And then the moment I sat down in front of my laptop, I saw this:
In addition to the tornado alert, the weather advisory warns of sudden heavy rains, strong wind and hail. (There’s also a message for farmers to be on alert for potential crop damage, but I’m not sure what they could do if the hailstones started raining down from on high.)
We haven’t had any tornadoes (yet!), but there have been two more sudden squalls as I’ve been typing this.
The sun was bright enough during the money shot to make for shadows and a dark, backlit subject. Le sigh … And now the tornado warning is over and the sun is shining very brightly.
After riding a grand total of zero kilometers since January 8, this morning the stars aligned and I commuted to the office on Dionysus, sporting her new Billy Bonkers skins.
With the change from the 28mm Conti slicks I shod Dionysus with on the upgrade from Ol’ Paint, I had three basic expectations:
More comfortable ride
A reduction in the steering sensitivity
A slight degradation of performance
Cutting to the chase, then, the ride was quite a bit more comfortable, particularly over broken pavement and assorted bumps. Where the ride was jarring on the Contis, it was downright cushiony with the Billy Bonkers. So mission accomplished as far as the upgrade is concerned.
The performance toll was more than I had expected. With the Contis, Dionysus was an agile, fast accelerator. Now she’s slower on the uptake than Kuroko, with her 42mm tires. The change was noticeable starting out this morning, and on the slight rises in the morning commute. By the evening return, I’d become used to the change and didn’t notice it quite as much. I was still putting more effort into getting off the line from stop lights, and quicker to shift down on whatever modest hills I encountered.
As for the steering, Ol’ Paint was twitchy. With the upgrade to Dionysus, with smaller tires and shorter handlebars, the handling nearly had a mind of its own: great for sudden maneuvering in traffic, not so good for keeping a line in traffic while your mind wandered. Significantly larger tires should tame this a bit, and there was a small change with the Bonkers.
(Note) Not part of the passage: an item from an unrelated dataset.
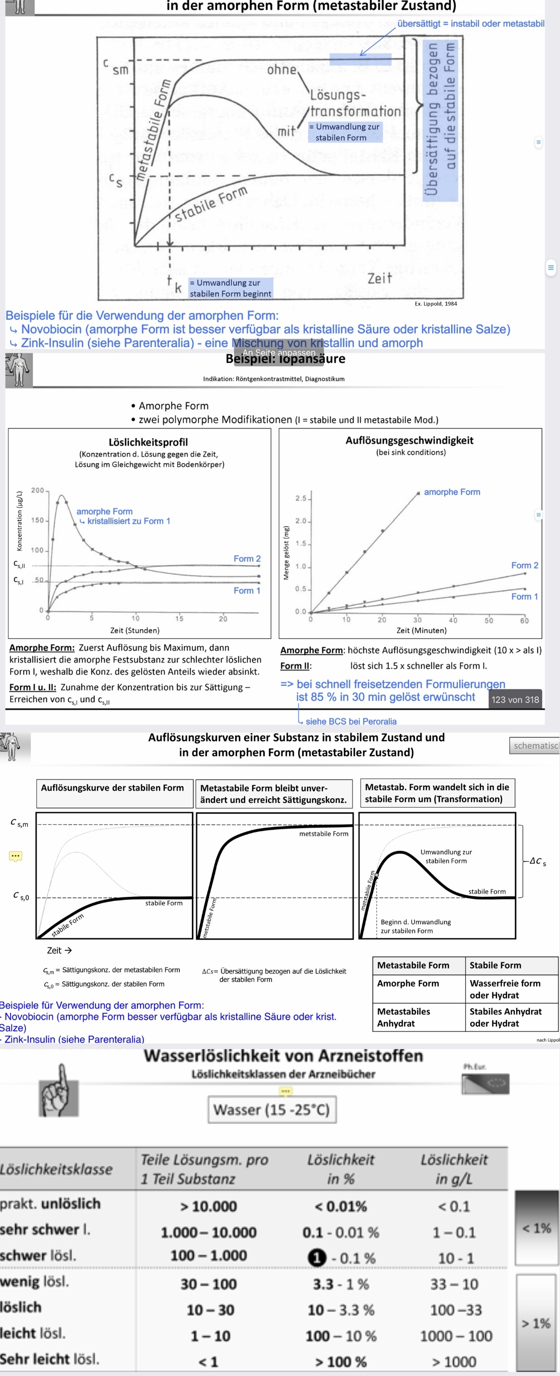 können (welche Arzneiform) und wie man die Löslichkeit bewertet

Easier to push the bike through the parking with my hand on the seat, and less likely for the wheel to flop over when I’m waiting at a traffic light and let go of the bars to have a sip of water.
The new water bottle cages are satisfyingly grippy, which was not really in my mind when I bought them — it was a libation-influenced purchasing decision. (For that matter, so were the Billy Bonkers … ) The previous cages, which I bought because the color was a near match for the paint, were a bit loosey-goosey. Never a problem while riding, but the bottle might fall out while I was carrying the bike upstairs to my office.
The brakes remain stiff, which is certainly down to the cables. I should have them out for cleaning and a bit of oil or grease. The braking performance was a worry with the return to the original, longer Deore units. It’s fine on the front. The rear is still a bit soft. I probably need to look at a smaller noodle on the rear, and recut the cable housing to achieve a straighter line.
Other than that, perfectly satisfied with the upgrade. People have noticed the change, and most approve.
New tires? I thought you got a new bike!
Garmie didn’t start recording until I was about 400m into the morning ride, and then skipped about the first 700m on the evening return. Based on a moving time of 38:04, I averaged 19.7km/h in the morning, and 37:47 for 19.3km/h on the return. These times are not out of line with historical records, which is probably evidence that the commute is more dependent on traffic lights than anything else.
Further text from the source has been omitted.